The pictures must be left out, while the rest of the data is copied exactly.

## PROVIDED DATA
--
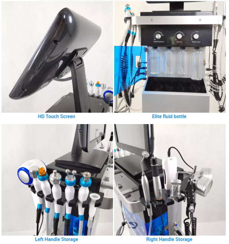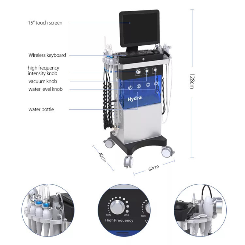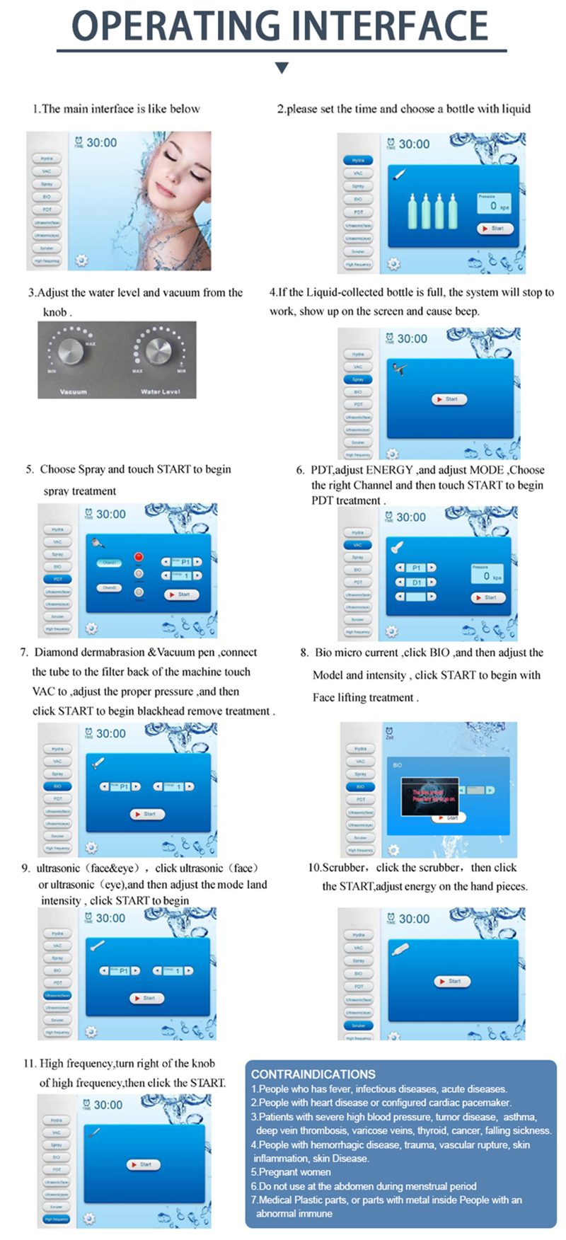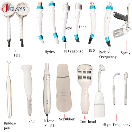 dermabrasion with 8 tips Bio microcurrent 1 piece Vacuum pen 3 different sizes Photon light with 2 handles Spray mist gun 1 piece High frequency 1 piece Ultrasonic 2 piece Dermabransion 1 pcs Skin scrubber 1 pcs |
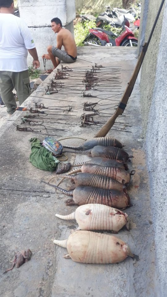 De acordo com as informações, os agentes avistaram rastro de motocicletas em direção ao Parque, que após andar em torno de 8km, um dos caçadores que retornava da caça foi abordado e preso por se encontrar com três tatus abatidos e dez espingardinhas de tatus. A equipe continuou no local até sair mais 02 caçadores, que também foram presos por estarem com 03 tatus e 28 espingardinhas de tatus.
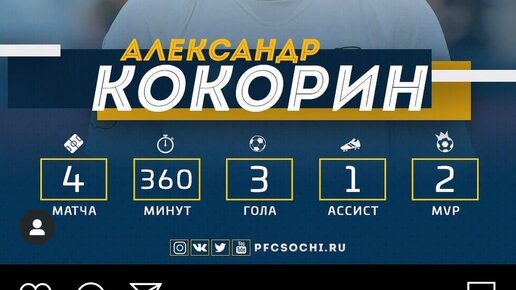 Добрый день друзья, сегодня мы поговорим о футболисте, который действительно умеет удивлять и речь пойдет о Александре Кокорин. Футбольный клуб с черноморского побережья "Сочи" сегодня выложил статистику Кокорина в свой инстаграм и Саша реально удивляет, но в этот раз приятно. В посте говорится о том, что за 4 игры за команду из города Сочи, Александр забил 3 гола и отдал голевую передачу, что является отличным результатом для футболиста, который вернулся после такого долгого перерыва... Напомню,...
--
## EXERCISE RESULT
 dermabrasion with 8 tips Bio microcurrent 1 piece Vacuum pen 3 different sizes Photon light with 2 handles Spray mist gun 1 piece High frequency 1 piece Ultrasonic 2 piece Dermabransion 1 pcs Skin scrubber 1 pcs |
 De acordo com as informações, os agentes avistaram rastro de motocicletas em direção ao Parque, que após andar em torno de 8km, um dos caçadores que retornava da caça foi abordado e preso por se encontrar com três tatus abatidos e dez espingardinhas de tatus. A equipe continuou no local até sair mais 02 caçadores, que também foram presos por estarem com 03 tatus e 28 espingardinhas de tatus.
 Добрый день друзья, сегодня мы поговорим о футболисте, который действительно умеет удивлять и речь пойдет о Александре Кокорин. Футбольный клуб с черноморского побережья "Сочи" сегодня выложил статистику Кокорина в свой инстаграм и Саша реально удивляет, но в этот раз приятно. В посте говорится о том, что за 4 игры за команду из города Сочи, Александр забил 3 гола и отдал голевую передачу, что является отличным результатом для футболиста, который вернулся после такого долгого перерыва... Напомню,...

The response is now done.